¹ Services Computing Technology and System Lab, National Engineering Research Center for Big Data Technology, Wuhan 430074, China
² Hubei Key Laboratory of Distributed System Security, Wuhan 430074, China
³ School of Cyber Science and Engineering, Huazhong University of Science and Technology, Wuhan 430074, China
⁴ School of Computer Science and Engineering, Huazhong University of Science and Technology, Wuhan 430074, China

Revised:2023-07-28 Online:2023-12-01 Published:2023-12-01
Supported by:
The National Natural Science Foundation of China(62272187);The Joint Funds of the National Natural Science Foundation of China(U1936211)

摘要/Abstract

摘要：

近年来，软件漏洞引发的安全事件层出不穷，及早发现并修补漏洞能够有效降低损失。传统的基于规则的漏洞检测方法依赖于专家定义规则，存在较高的漏报率，基于深度学习的方法能够自动学习漏洞程序的潜在特征，然而随着软件复杂程度的提升，该类方法在面对真实软件时存在精度下降的问题。一方面，现有方法执行漏洞检测时大多在函数级工作，无法处理跨函数的漏洞样例；另一方面，BGRU和BLSTM等模型在输入序列过长时性能下降，不善于捕捉程序语句间的长期依赖关系。针对上述问题，优化了现有的程序切片方法，结合过程内和过程间切片对跨函数的漏洞进行全面的上下文分析以捕获漏洞触发的完整因果关系；应用了包含多头注意力机制的 Transformer 神经网络模型执行漏洞检测任务，共同关注来自不同表示子空间的信息来提取节点的深层特征，相较于循环神经网络解决了信息衰减的问题，能够更有效地学习源程序的语法和语义信息。
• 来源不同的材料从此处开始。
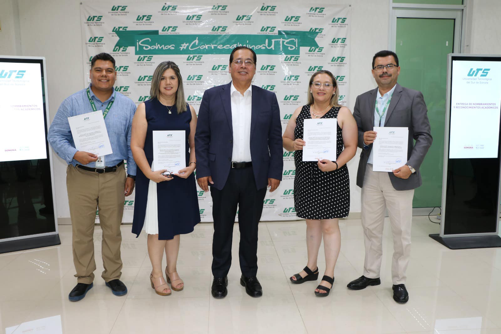 Cajeme, Sonora; 09 de agosto de 2024. Con la finalidad de fortalecer los procesos que se llevan a cabo al interior de la Universidad Tecnológica del Sur de Sonora (UTS) y mantener la calidad en el proceso educativo, se llevó a cabo la entrega de nombramientos y reconocimientos académicos, en una ceremonia presidida por el Mtro. Sergio Pablo Mariscal Alvarado, Rector de esta Casa de Estudios.

实验结果表明，该方法在真实软件数据集上的 F1 分数达到了 73.4%，相较于对比方法提升了13.6%～40.8%，并成功检测出多个开源软件漏洞，证明了其有效性与实用性。

关键词: 漏洞检测, 程序切片, 深度学习, 注意力机制

Abstract:

In recent years, software vulnerabilities have been causing a multitude of security incidents, and the early discovery and patching of vulnerabilities can effectively reduce losses.Traditional rule-based vulnerability detection methods, relying upon rules defined by experts, suffer from a high false negative rate.Deep learning-based methods have the capability to automatically learn potential features of vulnerable programs.However, as software complexity increases, the precision of these methods decreases.On one hand, current methods mostly operate at the function level, thus unable to handle inter-procedural vulnerability samples.On the other hand, models such as BGRU and BLSTM exhibit performance degradation when confronted with long input sequences, and are not adept at capturing long-term dependencies in program statements.To address the aforementioned issues, the existing program slicing method has been optimized, enabling a comprehensive contextual analysis of vulnerabilities triggered across functions through the combination of intra-procedural and inter-procedural slicing.This facilitated the capture of the complete causal relationship of vulnerability triggers.Furthermore, a vulnerability detection task was conducted using a Transformer neural network architecture equipped with a multi-head attention mechanism.This architecture collectively focused on information from different representation subspaces, allowing for the extraction of deep features from nodes.Unlike recurrent neural networks, this approach resolved the issue of information decay and effectively learned the syntax and semantic information of the source program.Experimental results demonstrate that this method achieves an F1 score of 73.4% on a real software dataset.Compared to the comparative methods, it shows an improvement of 13.6% to 40.8%.Furthermore, it successfully detects several vulnerabilities in open-source software, confirming its effectiveness and applicability.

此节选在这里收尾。